- [What to produce] With the exception of the pictures, write out the data below precisely.

- [Given information]
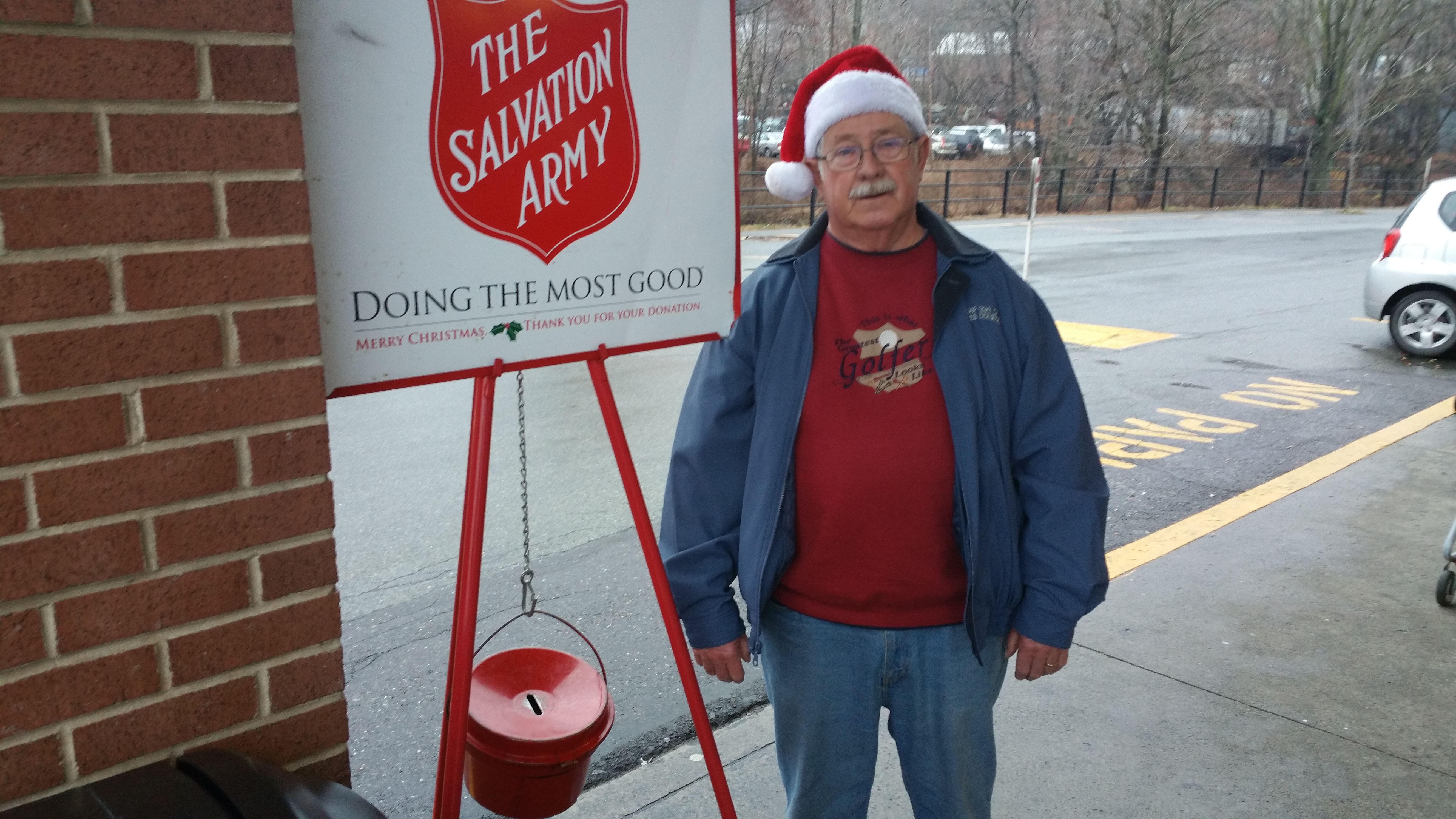 Pictured is longtime volunteer Pat Fredericks standing at a Tamaqua Salvation Army Red Kettle outside Boyer’s Food Market in Tamaqua. Fredericks, who has dedicated 8 years as a kettle volunteer, routinely contributes his time with various programs and services of the Salvation Army.
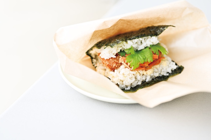 「GREEN GREEN CAFE」でいただけるのは、おにぎりとサンドイッチのハイブリット「グリーンサンド」。ご飯をパンの代わりに使用し、その間にたっぷりの具材を挟み込んでいる。
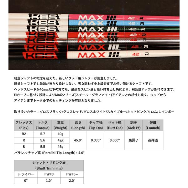 シャフト ドライバー用 KBS MAX HL 40 グラファイト ウッドシャフト (US仕様) (全7カラー)
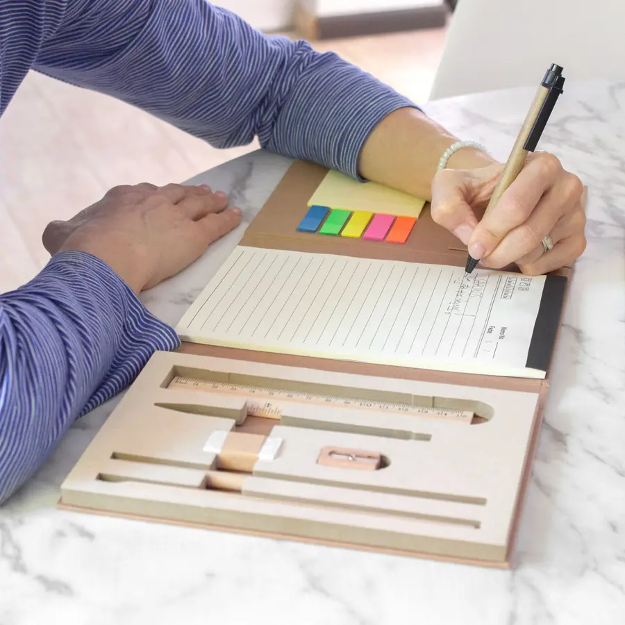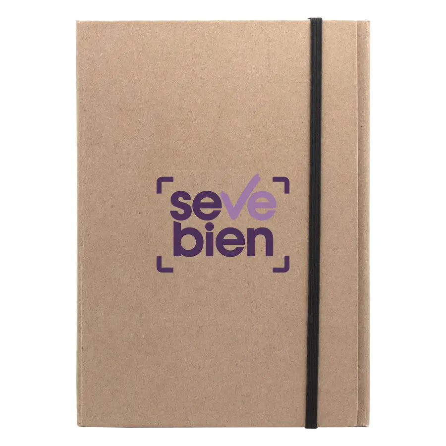 15 x 21 x 2.4 cm. (cerrado) y 48 x 21 cm. (abierto). Cartón kraft de gran firmeza. Cuaderno anotador múltiples funciones. El kit contiene: un bloc de hojas rayadas con fecha y dia de la semana, regla de madera, regla de pvc, dos lápices negros, goma de borrar, sacapuntas y bolígrafo tinta negra. Ademas un set de Post- it cuadrados amarillos y tiras plásticas autoadhesivas de diferentes colores (azul, verde, amarillo, rosa y naranja). El cierre del cuaderno es con una banda elástica de color negro que permite una buena sujeción.
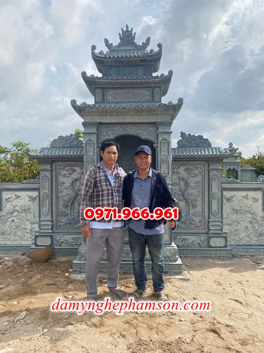 - xây ốp mộ đá tự nhiên chạm khắc hoa văn
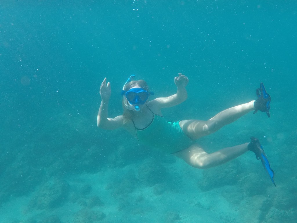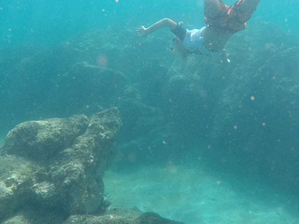 Our first passage south was a 250 miles run down the coast. We left the marina in the morning and were greeted with an amazing show of humpback whales waving goodbye. As we left Banderas Bay the wind began to increase and did so all throughout the day reaching into the 30 knot range by mid afternoon. The seas picked up as well and just like that we were racing down the coast of Mexico. Ashley and I took turns at the helm all through the night as the waves increased in strength and tried tossing the boat around if we fell too far off course. It had been more than a year since Ashley and I were the only two adults aboard to share the night watches. Yet we eased into the rotation and the routine like it was just yesterday. There was almost zero moonlight so the night was dark, windy, and had large seas but that did not slow us down (in fact it really sped us up). Samadhi, the kids, Ashley and I had a wonderful passage and we were all very happy to be on the ocean again. We had dolphins playing in our bow wave 4 or 5 times throughout the days and it was great to see Alexander and Victoria excited about that again. We sailed into the bay near Chamela at 11pm on the second day and dropped our anchor in front of the small town. The next morning we moved south about 4 miles to a beautiful little island. Here we spent the day snorkeling in the clear, warm waters of the Pacific Ocean.
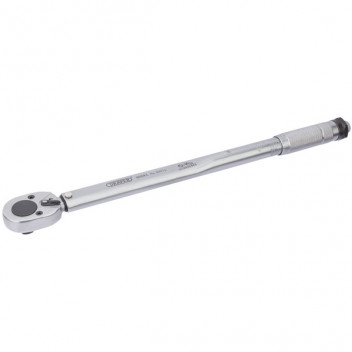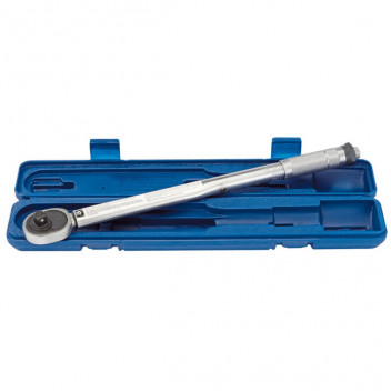 Ratchet head is engraved with Nm and lb-in scales on the barrel of the wrench. The micrometer type sleeve allows accurate preset torque values to be set. When torque is reached the wrench produces an audible click and a release of tension. Marked range: 30-210Nm/22.1-154.9lb-ft. Overall length 475mm. Supplied in blow mould storage case.
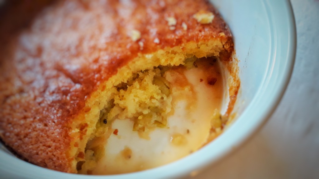 pudding – stewed cooking apples covered in sponge cake. I suspect this would work
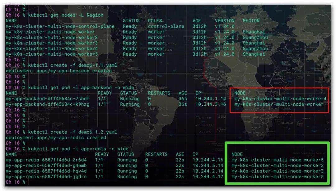 # 应用的缓存服务apiVersion: apps/v1kind: Deploymentmetadata: name: my-app-redisspec: # Pod副本数量 replicas: 4 selector: matchLabels: app: redis # Pod模板 template: metadata: # 标签信息: 应用的后端服务 labels: app: redis spec: # 亲和性 affinity: # Pod反亲和性规则 podAntiAffinity: # 偏好性的调度规则, 但不会影响已在节点上运行的Pod preferredDuringSchedulingIgnoredDuringExecution: - weight: 100 # 权重范围: 1~100, 权重值越大, 优先级越高 podAffinityTerm: topologyKey: kubernetes.io/hostname # 标签选择器 labelSelector: matchLabels: app: backend - weight: 1 # 权重范围: 1~100, 权重值越大, 优先级越高 podAffinityTerm: topologyKey: Region # 标签选择器 labelSelector: matchLabels: app: backend # 容器信息 containers: - name: my-app-redis image: redis:3.2-alpine效果如下所示。缓存服务的4个Pod均运行在与后端服务Pod所在节点不同的节点上。但这里由于是偏好性调度,当最终结果未满足两个服务运行在不同的地理位置时,即调度器选择相同地理位置的节点进行调度也是合法的、允许的
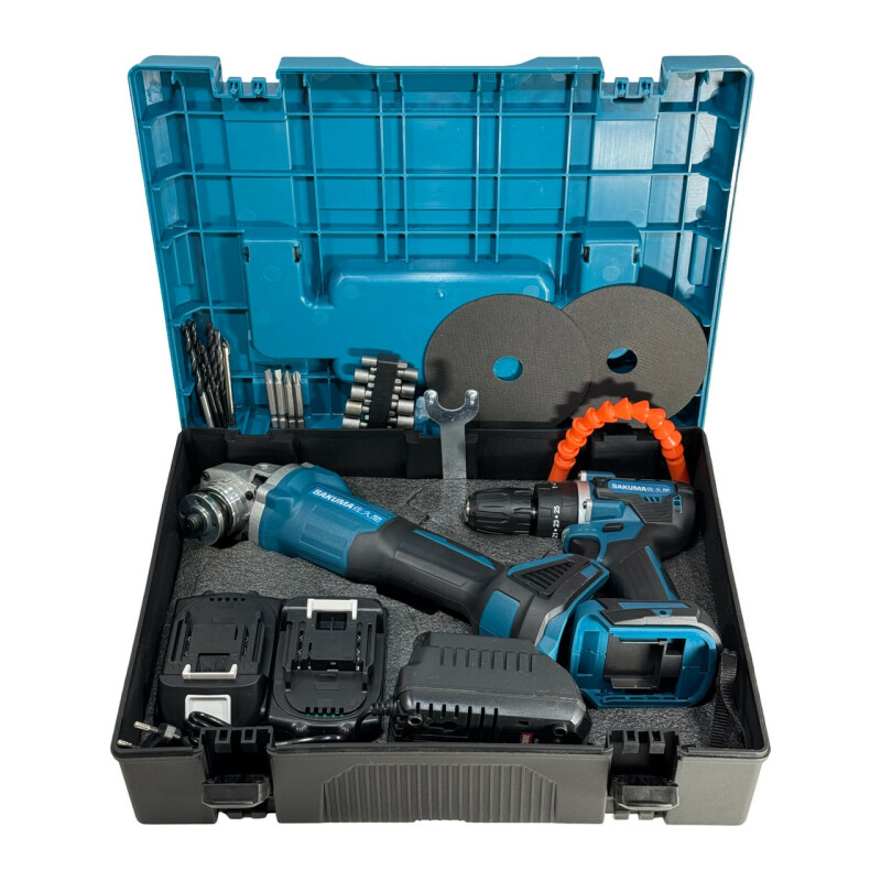 Интернет-магазин megapega.com.ua - Инструмент и Мебель большой выбор товара по низким ценам\\Набор аккумуляторного инструмента SAKUMA BLUE CX2T-CORE 21v шуруповерт и угловая шлифмашина

- [Answer for this exercise]
 Pictured is longtime volunteer Pat Fredericks standing at a Tamaqua Salvation Army Red Kettle outside Boyer’s Food Market in Tamaqua. Fredericks, who has dedicated 8 years as a kettle volunteer, routinely contributes his time with various programs and services of the Salvation Army.
 「GREEN GREEN CAFE」でいただけるのは、おにぎりとサンドイッチのハイブリット「グリーンサンド」。ご飯をパンの代わりに使用し、その間にたっぷりの具材を挟み込んでいる。
 シャフト ドライバー用 KBS MAX HL 40 グラファイト ウッドシャフト (US仕様) (全7カラー)
 15 x 21 x 2.4 cm. (cerrado) y 48 x 21 cm. (abierto). Cartón kraft de gran firmeza. Cuaderno anotador múltiples funciones. El kit contiene: un bloc de hojas rayadas con fecha y dia de la semana, regla de madera, regla de pvc, dos lápices negros, goma de borrar, sacapuntas y bolígrafo tinta negra. Ademas un set de Post- it cuadrados amarillos y tiras plásticas autoadhesivas de diferentes colores (azul, verde, amarillo, rosa y naranja). El cierre del cuaderno es con una banda elástica de color negro que permite una buena sujeción.
 - xây ốp mộ đá tự nhiên chạm khắc hoa văn
 Our first passage south was a 250 miles run down the coast. We left the marina in the morning and were greeted with an amazing show of humpback whales waving goodbye. As we left Banderas Bay the wind began to increase and did so all throughout the day reaching into the 30 knot range by mid afternoon. The seas picked up as well and just like that we were racing down the coast of Mexico. Ashley and I took turns at the helm all through the night as the waves increased in strength and tried tossing the boat around if we fell too far off course. It had been more than a year since Ashley and I were the only two adults aboard to share the night watches. Yet we eased into the rotation and the routine like it was just yesterday. There was almost zero moonlight so the night was dark, windy, and had large seas but that did not slow us down (in fact it really sped us up). Samadhi, the kids, Ashley and I had a wonderful passage and we were all very happy to be on the ocean again. We had dolphins playing in our bow wave 4 or 5 times throughout the days and it was great to see Alexander and Victoria excited about that again. We sailed into the bay near Chamela at 11pm on the second day and dropped our anchor in front of the small town. The next morning we moved south about 4 miles to a beautiful little island. Here we spent the day snorkeling in the clear, warm waters of the Pacific Ocean.
 Ratchet head is engraved with Nm and lb-in scales on the barrel of the wrench. The micrometer type sleeve allows accurate preset torque values to be set. When torque is reached the wrench produces an audible click and a release of tension. Marked range: 30-210Nm/22.1-154.9lb-ft. Overall length 475mm. Supplied in blow mould storage case.
 pudding – stewed cooking apples covered in sponge cake. I suspect this would work
 # 应用的缓存服务apiVersion: apps/v1kind: Deploymentmetadata: name: my-app-redisspec: # Pod副本数量 replicas: 4 selector: matchLabels: app: redis # Pod模板 template: metadata: # 标签信息: 应用的后端服务 labels: app: redis spec: # 亲和性 affinity: # Pod反亲和性规则 podAntiAffinity: # 偏好性的调度规则, 但不会影响已在节点上运行的Pod preferredDuringSchedulingIgnoredDuringExecution: - weight: 100 # 权重范围: 1~100, 权重值越大, 优先级越高 podAffinityTerm: topologyKey: kubernetes.io/hostname # 标签选择器 labelSelector: matchLabels: app: backend - weight: 1 # 权重范围: 1~100, 权重值越大, 优先级越高 podAffinityTerm: topologyKey: Region # 标签选择器 labelSelector: matchLabels: app: backend # 容器信息 containers: - name: my-app-redis image: redis:3.2-alpine效果如下所示。缓存服务的4个Pod均运行在与后端服务Pod所在节点不同的节点上。但这里由于是偏好性调度,当最终结果未满足两个服务运行在不同的地理位置时,即调度器选择相同地理位置的节点进行调度也是合法的、允许的
 Интернет-магазин megapega.com.ua - Инструмент и Мебель большой выбор товара по низким ценам\\Набор аккумуляторного инструмента SAKUMA BLUE CX2T-CORE 21v шуруповерт и угловая шлифмашина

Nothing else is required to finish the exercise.